1) the sta _ h between the two division points is determined as a black block;

and 1-5, if all the areas can not be subdivided, transferring the stored coordinate libraries of all the areas into the step 2.

3. The method of claim 1, wherein the label marking is performed on the resolved contrast label and the partition area, and then data equalization and data error correction processing are performed, wherein the error correction processing specifically includes the following steps:

according to the label and the area size information of each area, error correction processing is carried out to ensure the accuracy of the data set, and the main basis is as follows:

1) if the sizes of the table and the picture category are smaller than a certain threshold value, the noise interference is determined, and the area is discarded;

wherein copy _ num is the number of splices, round is rounding, avg _ width is the average picture length, width is the current picture width, and interval is the splice interval.
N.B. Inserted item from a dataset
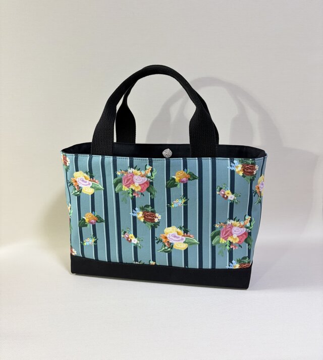 デザイナーが描くアートを日常に。華やぎと規律が織りなすストライプとアンティークフラワー・横長トートバッグ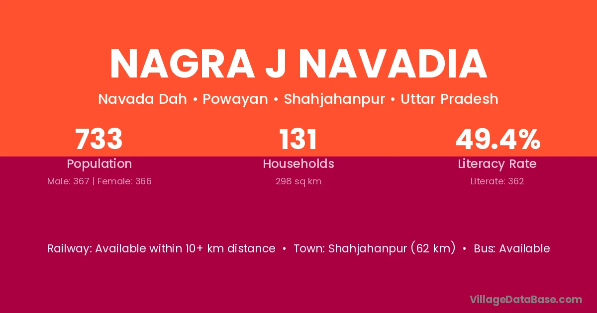 Shahjahanpur (62 km) is the nearest town to Nagra J Navadia village for major economic activities and is located approximately 62 km away.

4. The two-way hybrid classification network of step 6 of claim 1, comprising the following:

step 6-1, taking the first 7 layers of the model trained in the step 4 as a two-dimensional feature extractor of the regional picture, and recording the two-dimensional feature extractor as a 2D CNNextractor, wherein the input of the feature extractor is a two-dimensional color regional picture;

step 6-2, using the first 7 layers of the model trained in step 5 as a one-dimensional feature extractor of the regional picture, which is recorded as 1D CNNextractor, and the input of the one-dimensional feature extractor is a one-dimensional vector;

and 6-3, the final classification network is a three-layer fully-connected network, but is different from the traditional fully-connected network, and has the specific characteristics that:

1) the full tie-layer of first layer divide into two layers that parallel, connects two feature extractor respectively, and wherein the number of nodes of connecting the layer of 1D CNNextractor is less relatively, and the number of nodes of connecting the layer of 2D CNN extraactor is more relatively, and the proportion is selected according to particular case, and selectable proportion is 1: 4, the number of nodes is 1024, and 4096 respectively;

two parallel full-connection layers of the first layer are connected to a uniform full-connection layer, the number of nodes can be 4096, then a full-connection layer with the same number as the types is connected in the following layer and used for outputting the type probability, and only the three layers are trained during training.